▸ **INSTRUCTIONS FOR THE TASK**
When the listing below reaches the line that has "Una vez que", start reproducing exactly; stop after the line that has "前立て内側(第2ボタン)に欠損 前立て内側(第4ボタン)に割れ |", and drop the pictures.

▸ **DATA EXTRACT**
§
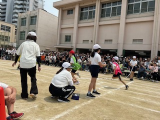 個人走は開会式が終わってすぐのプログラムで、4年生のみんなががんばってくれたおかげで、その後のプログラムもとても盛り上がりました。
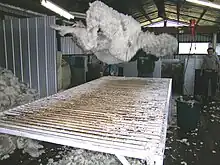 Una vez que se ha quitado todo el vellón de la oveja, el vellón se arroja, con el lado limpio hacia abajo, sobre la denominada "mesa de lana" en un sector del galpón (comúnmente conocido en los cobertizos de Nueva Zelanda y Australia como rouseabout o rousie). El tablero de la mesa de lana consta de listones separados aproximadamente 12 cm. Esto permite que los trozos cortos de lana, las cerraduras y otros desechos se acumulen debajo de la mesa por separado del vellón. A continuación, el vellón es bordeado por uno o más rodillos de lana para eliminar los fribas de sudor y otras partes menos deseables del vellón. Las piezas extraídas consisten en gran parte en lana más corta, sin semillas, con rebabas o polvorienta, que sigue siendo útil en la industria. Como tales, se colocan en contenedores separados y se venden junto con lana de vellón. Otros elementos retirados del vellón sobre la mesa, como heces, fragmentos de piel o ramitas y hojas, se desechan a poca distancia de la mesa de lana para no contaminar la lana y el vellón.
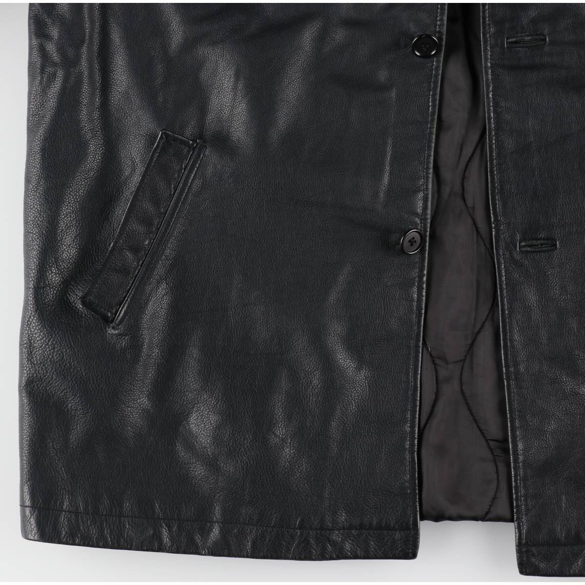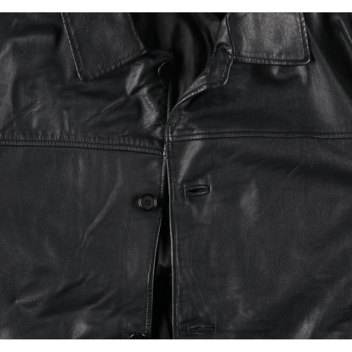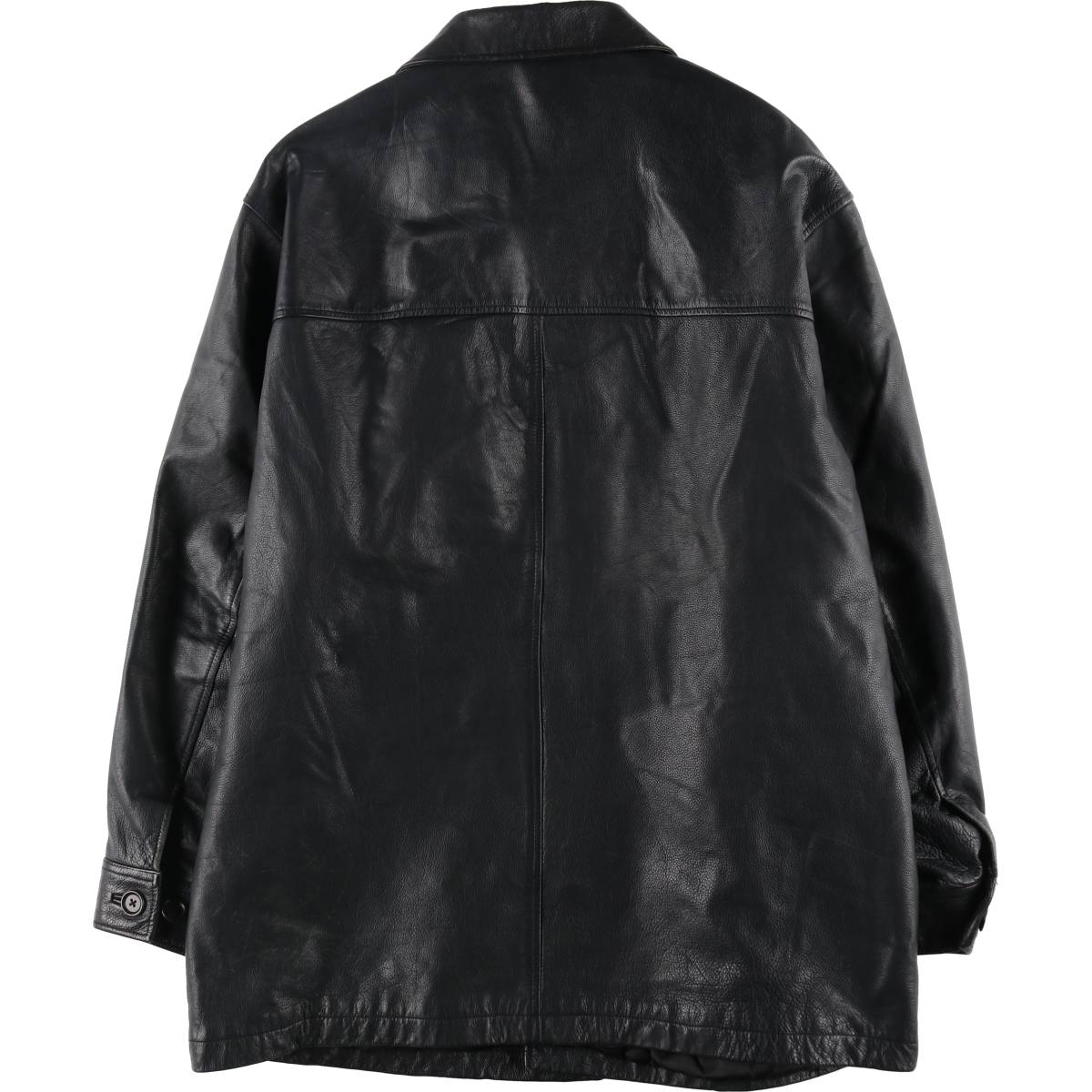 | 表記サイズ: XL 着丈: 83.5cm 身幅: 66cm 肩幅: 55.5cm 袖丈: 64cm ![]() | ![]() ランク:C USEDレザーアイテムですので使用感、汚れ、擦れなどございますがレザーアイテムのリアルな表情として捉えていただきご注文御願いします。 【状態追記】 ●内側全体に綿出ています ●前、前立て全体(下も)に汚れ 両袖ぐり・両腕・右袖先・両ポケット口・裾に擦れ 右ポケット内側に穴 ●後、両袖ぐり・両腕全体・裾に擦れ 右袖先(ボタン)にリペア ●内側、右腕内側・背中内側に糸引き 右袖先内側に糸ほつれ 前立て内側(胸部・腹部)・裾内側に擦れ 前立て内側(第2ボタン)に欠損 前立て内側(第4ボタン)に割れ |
§
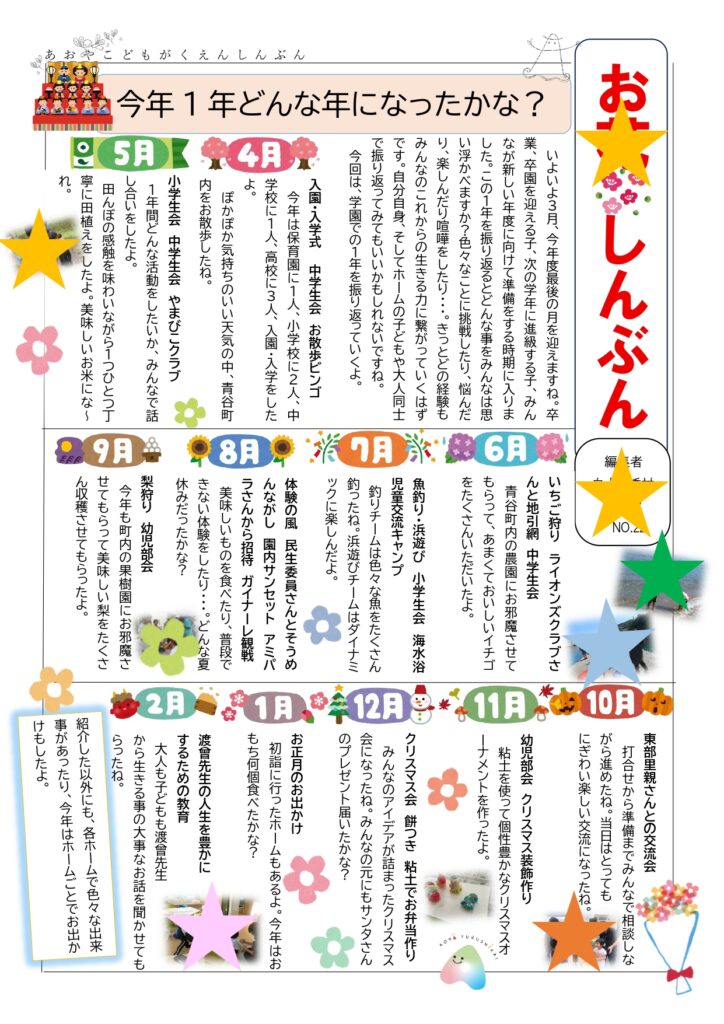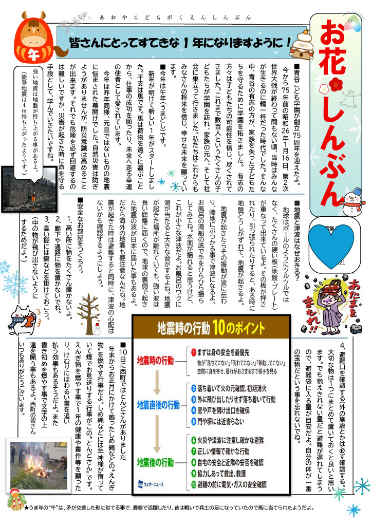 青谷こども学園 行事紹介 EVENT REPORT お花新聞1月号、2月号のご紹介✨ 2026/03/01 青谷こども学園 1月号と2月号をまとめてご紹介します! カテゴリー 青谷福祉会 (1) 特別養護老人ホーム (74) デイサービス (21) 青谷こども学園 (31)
§
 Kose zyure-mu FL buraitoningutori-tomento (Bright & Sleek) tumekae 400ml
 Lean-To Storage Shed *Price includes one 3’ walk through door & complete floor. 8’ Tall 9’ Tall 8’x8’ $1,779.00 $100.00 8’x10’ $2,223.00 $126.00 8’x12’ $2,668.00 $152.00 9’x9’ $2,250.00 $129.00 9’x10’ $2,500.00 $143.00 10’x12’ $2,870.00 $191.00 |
§
▸ **RESPONSE AREA**
 Una vez que se ha quitado todo el vellón de la oveja, el vellón se arroja, con el lado limpio hacia abajo, sobre la denominada "mesa de lana" en un sector del galpón (comúnmente conocido en los cobertizos de Nueva Zelanda y Australia como rouseabout o rousie). El tablero de la mesa de lana consta de listones separados aproximadamente 12 cm. Esto permite que los trozos cortos de lana, las cerraduras y otros desechos se acumulen debajo de la mesa por separado del vellón. A continuación, el vellón es bordeado por uno o más rodillos de lana para eliminar los fribas de sudor y otras partes menos deseables del vellón. Las piezas extraídas consisten en gran parte en lana más corta, sin semillas, con rebabas o polvorienta, que sigue siendo útil en la industria. Como tales, se colocan en contenedores separados y se venden junto con lana de vellón. Otros elementos retirados del vellón sobre la mesa, como heces, fragmentos de piel o ramitas y hojas, se desechan a poca distancia de la mesa de lana para no contaminar la lana y el vellón.
 | 表記サイズ: XL 着丈: 83.5cm 身幅: 66cm 肩幅: 55.5cm 袖丈: 64cm ![]() | ![]() ランク:C USEDレザーアイテムですので使用感、汚れ、擦れなどございますがレザーアイテムのリアルな表情として捉えていただきご注文御願いします。 【状態追記】 ●内側全体に綿出ています ●前、前立て全体(下も)に汚れ 両袖ぐり・両腕・右袖先・両ポケット口・裾に擦れ 右ポケット内側に穴 ●後、両袖ぐり・両腕全体・裾に擦れ 右袖先(ボタン)にリペア ●内側、右腕内側・背中内側に糸引き 右袖先内側に糸ほつれ 前立て内側(胸部・腹部)・裾内側に擦れ 前立て内側(第2ボタン)に欠損 前立て内側(第4ボタン)に割れ |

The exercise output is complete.